COLLECTED MATERIAL |

╔══

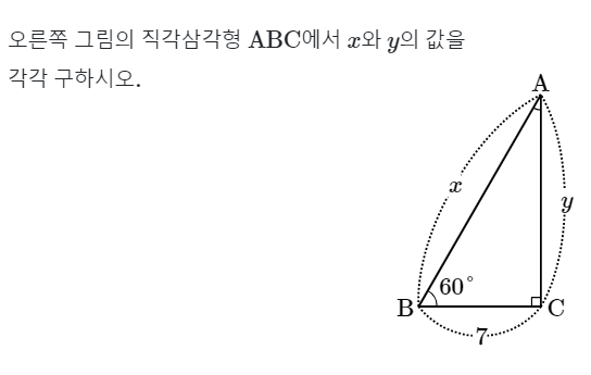 $cosB=cos60˚= \dfrac{\overline{BC}}{\overline{AB}} = \dfrac{7}{x}=\dfrac{1}{2}$
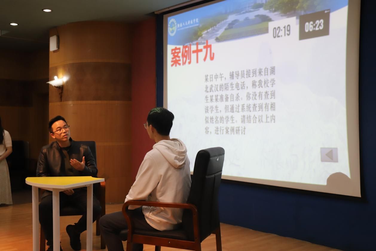 案例研讨以“我提问,你回答”的方式开展,由两位选手围绕案例共同辨析原因、研讨对策、总结规律。主要考察辅导员综合运用理论分析问题、研判问题、解决问题的能力。
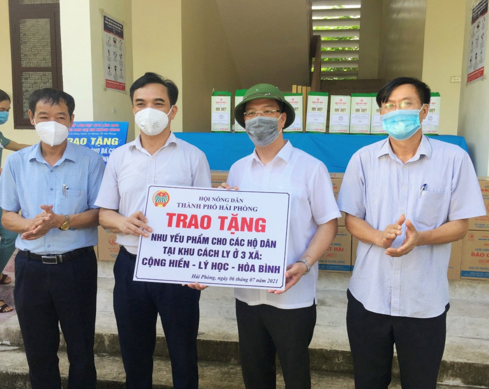 Sáng 6/7, Hội Nông dân thành phố tổ chức đi thăm và tặng quà động viên cho các hộ hội viên, nông dân trong vùng cách ly phòng, chống dịch thuộc các xã: Lý Học, Hòa Bình và Cộng Hiền (huyện Vĩnh Bảo). Cùng tham gia đồng hành có Công ty Cổ phần nước mắm Quang Hải và Cơ sở Spa Lâm Anh.

╚══

EXERCISE REQUIREMENTS |
Print all of the material exactly. Omit pictures.

SOLUTION FOR THIS PROBLEM |
 $cosB=cos60˚= \dfrac{\overline{BC}}{\overline{AB}} = \dfrac{7}{x}=\dfrac{1}{2}$
 案例研讨以“我提问,你回答”的方式开展,由两位选手围绕案例共同辨析原因、研讨对策、总结规律。主要考察辅导员综合运用理论分析问题、研判问题、解决问题的能力。
 Sáng 6/7, Hội Nông dân thành phố tổ chức đi thăm và tặng quà động viên cho các hộ hội viên, nông dân trong vùng cách ly phòng, chống dịch thuộc các xã: Lý Học, Hòa Bình và Cộng Hiền (huyện Vĩnh Bảo). Cùng tham gia đồng hành có Công ty Cổ phần nước mắm Quang Hải và Cơ sở Spa Lâm Anh.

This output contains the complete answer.